Our professor had been asked to give a talk. The entire back wall of the gallery was dedicated to his work. I enjoyed hearing stories about how he grew up as a spiritual young man who gravitated to the spiritual connection he then felt when he started painting. He is a very knowledgeable man who takes pride in his position as a public university professor, as he feels he is genuinely able to make a difference with his students. I for one feel fortunate to have had the opportunity to study with him the last two summers.

Under his guidance, I think I've come a long way with painting. Before last summer I never painted. Now, I can't stop.

This summer, after the first week en plein air, where I pushed myself to be somewhat abstract, the second week we were required to be abstract. I spoke vaguely of my idea for the week here.

Here is how it progressed.

I'd like you to look at the final pieces and draw your own conclusions before I explain my ideas more completely. I wasn't really satisfied with my work until my classmates viewed it for the final time and each was able to create their own ideas and meaning. It was very satisfying to hear what they individually took from my work. 

So what's the big idea?
Home was a huge theme in my undergraduate work and I was so satisfied to work with it again, this time in a totally different context.

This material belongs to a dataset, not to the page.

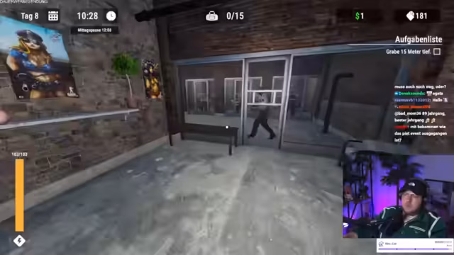 05:18:50Der Streamer kündigt eine Oktoberfest-Tour mit Schradin an und freut sich auf das Event. Er findet endlich wieder Items beim Graben und buddelt eine Day-Date von Marc Gebauer aus. Er muss sein Scheißhaus pömpeln, da es dicht ist. Der Streamer scherzt über Harald Schnittlaus, der eine Sugar-Mami sucht. Er handelt noch zwei Rollen Klopapier mehr raus und kann sich die bessere Tasche holen. Der Start war holprig mit dem Eisstiel, aber jetzt läuft es besser. Er bedankt sich bei seinen Zuschauern für die Bits. Der Streamer findet ein Stück Flutschseife und erinnert sich daran, dass er noch eine Schere hat. Er betont, dass das Quest-Item immer gesaved ist und man es nicht automatisch verkauft. Er bedankt sich bei seinen Zuschauern für die Subs. Der Streamer erklärt, dass er sich im Hochsicherheitstrakt befindet, nachdem er aus dem ersten Gefängnis ausgebrochen ist. Er kann sich jetzt Essen und einen Rucksack kaufen. Der Streamer beklagt sich darüber, dass der Wärter die Zelltür wieder zumacht, obwohl Mittagspause ist. Er wird beim Bankdrücken von einem anderen Insassen angemacht und fühlt sich benutzt. Er versucht, beim Kartenspiel die richtige Karte aufzudecken und trickst das System aus. Der Streamer überlegt, ob er während der Mittagspause graben kann, ist aber zu dumm, sich einen Energy Drink zu kaufen und wird erwischt.

  • The top left is a simple 4 x 12 landscape with a transparent outline of the bird's wing and tail.
  • Below that is a 12 x 12 aerial landscape and outline of a swallow. Legend has it that sailors would tattoo a swallow on their body after every 5,000 nautical miles traveled. The swallow would also ensure safe travel home, as it returns to the same location every year. 
  • Finally on the right is a 12 x 16 panel. This also has an aerial landscape, a bit less defined, a compass, and the outline of a house that was printed with wax crayon. 

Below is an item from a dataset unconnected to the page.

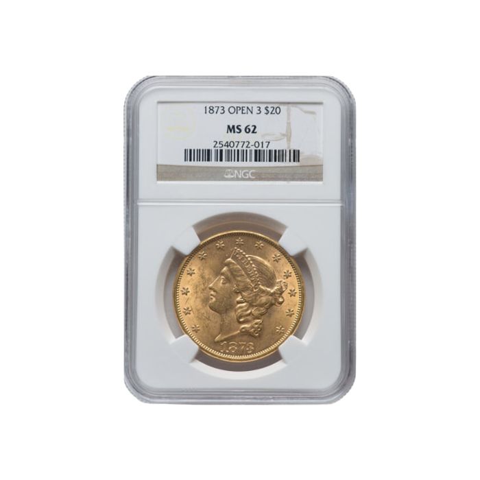 Today, you can purchase 1873 $20 Liberty Double Eagle Gold Coins from those imprinted with an Open 3, sealed and certified by NGC MS-62 samples, at SD Bullion.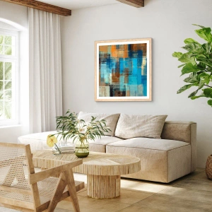 Pôster com moldura de carvalho claro - Através da cortina azul - 50x70 cm

This came to me through the idea of "divine mind."
Things fell into place the last two summers and allowed me to study painting in an absolutely gorgeous location that I don't feel I would otherwise be able to travel to. I've had a great sense of freedom.
Things fell into place to allow my boyfriend and I to purchase his childhood home, the outline depicted in this piece. It's so cheesy, but I have been that wandering bird and I now have the opportunity to have my own home.

I have always identified with this quote from the 2004 movie, Garden State.
Andrew Largeman: You know that point in your life when you realize the house you grew up in isn't really your home anymore? All of a sudden even though you have some place where you put your sh*t, that idea of home is gone.
Sam: I still feel at home in my house.
Andrew Largeman: You'll see one day when you move out it just sort of happens one day and it's gone. You feel like you can never get it back. It's like you feel homesick for a place that doesn't even exist. Maybe it's like this rite of passage, you know. You won't ever have this feeling again until you create a new idea of home for yourself, you know, for your kids, for the family you start, it's like a cycle or something. I don't know, but I miss the idea of it, you know. Maybe that's all family really is. A group of people that miss the same imaginary place.
Sam: [cuddles up to Andrew] Maybe.

I get to start the cycle.
I just hope to slow down and still catch the revelatory qualities as I go.